5. Scents and hygiene.
Remember all those times I’ve mentioned the words ‘enclosed space’ and ‘packed with people’? Those people are going to be exposed to your personal fragrances. Shower on the day or at least the day before your flight. Wear a goddamn antiperspirant. Brush your teeth or at least chew gum every now and then on long trips. Wear clothes that don’t smell, aka clean clothes (again, this isn’t your bedroom). Don’t go crazy with the perfumes in the duty free stores. If you know that your feet sweat and stink, wear sandals during the entire trip rather than enclosed shoes that you take off during the flight. On that note, don’t walk around barefoot. You’re probably stepping on old body fluids, food stains, and good old dirt. It’s in the interest of your personal health to at least wear socks.

6. Booze and things that affect your cognitive functioning.
This is not the time to get drunk. Have a glass of wine or two, but don’t be an annoyance to others. If you know that even a small amount of alcohol makes you loud and stupid, don’t drink at all. Also, don’t take any other recreational drugs that will continue to affect you once you have reached the airport. Doesn’t matter if they’re legal or not. It’s about respect for others.
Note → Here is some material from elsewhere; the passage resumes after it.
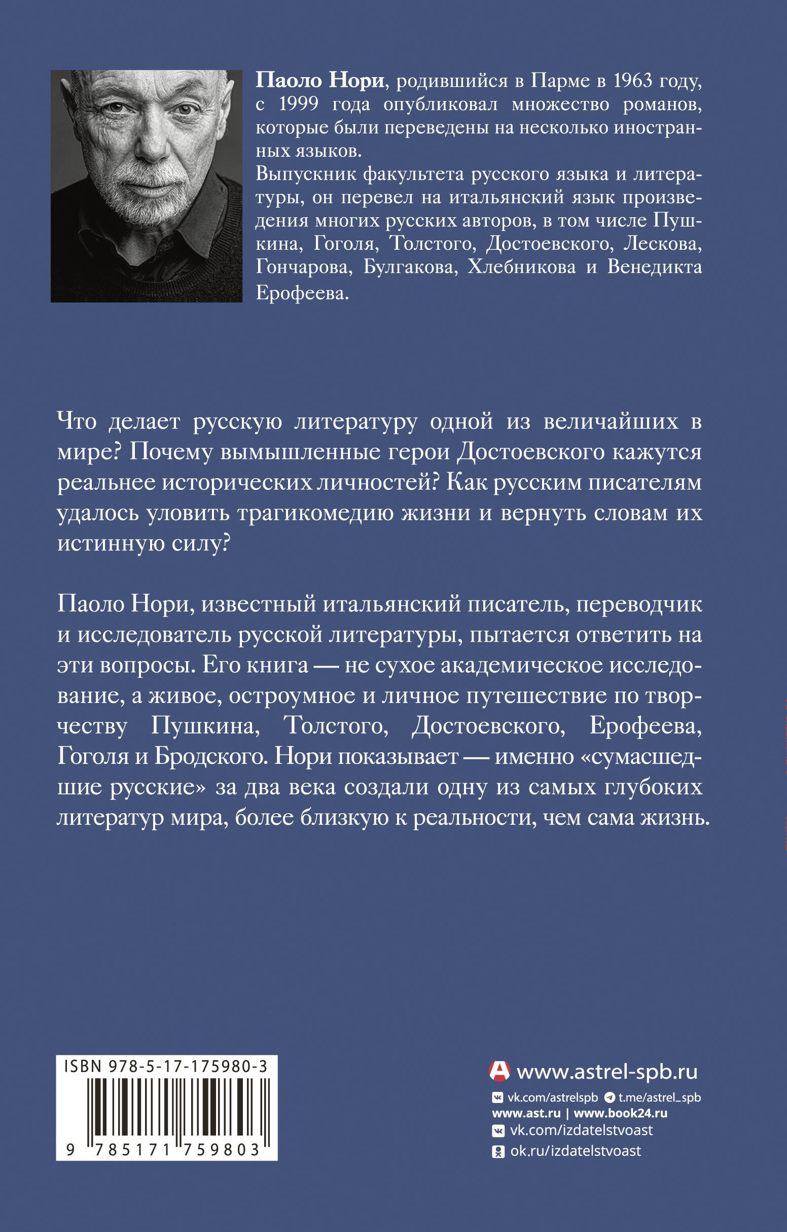 - Паоло Нори - современный итальянский писатель, переводчик, специалист по русской литературе. Перевел на итальянский язык произведения Пушкина, Толстого, Достоевского, Булгакова, Хлебникова и Венедикта Ерофеева. Автор книг «Невероятная жизнь Фёдора Михайловича Достоевского. Всё ещё кровоточит» и «Невероятная жизнь Анны Ахматовой. Мы и Анна Ахматова». - «Эти сумасшедшие русские. Краткий курс русской литературы 1820-1991» - это оригинальный взгляд на русскую литературу последних двух столетий глазами влюбленного в нее иностранца. Это живое, остроумное и очень личное путешествие по творчеству Достоевского и Пушкина, Гоголя, Толстого, Бродского и Ерофеева.| Издательство | Издательство "АСТ" |
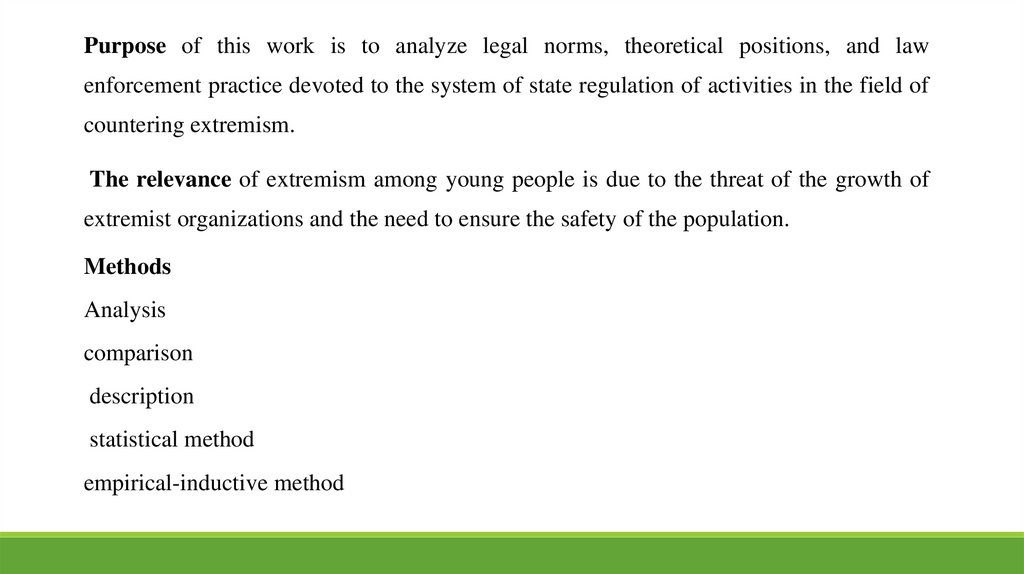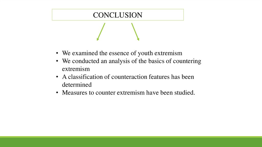 CONCLUSION• We examined the essence of youth extremism

Let’s discuss sleeping pills for a moment. A lot of travel blogs/forums mention that if you take a little pill that makes you sleep through the entire flight, it will be a lot more pleasant for you. Why is this not only a genuinely bad idea but also a potentially dangerous one? Firstly, sleeping pills increase the risk of blood cloths. Unless you have double checked with your doctor that you’re allowed to not only use these pills, but also to fly with them in your body. Do not do it. Secondly, there’s a chance you might need to wake up and be coherent straight away. Planes are a very safe mode of transportation but when things go wrong, they go really wrong. You want to be able to wake up easily in case you need to put that oxygen mask on, evacuate the plane, or move out of the goddamn way so that people with medical knowledge can get to your neighbour who is having an emergency medical issue. It’s not worth it.

7. Medical issues
Flying with a cold is pure hell. It is painful and all your symptoms seem to worsen. Although you feel absolutely miserable, try not to let it affect the other passengers too much. Keep used tissues under control, cover your mouth when you sneeze or cough. If you have a cough, bring cough drops. Bring nasal spray. Drink plenty of water to stay hydrated. Tea is a good option when it comes to beverages. If the person next to you can tell that you’re making an effort to control the couch/cold, they’re more likely to be sympathetic rather than annoyed.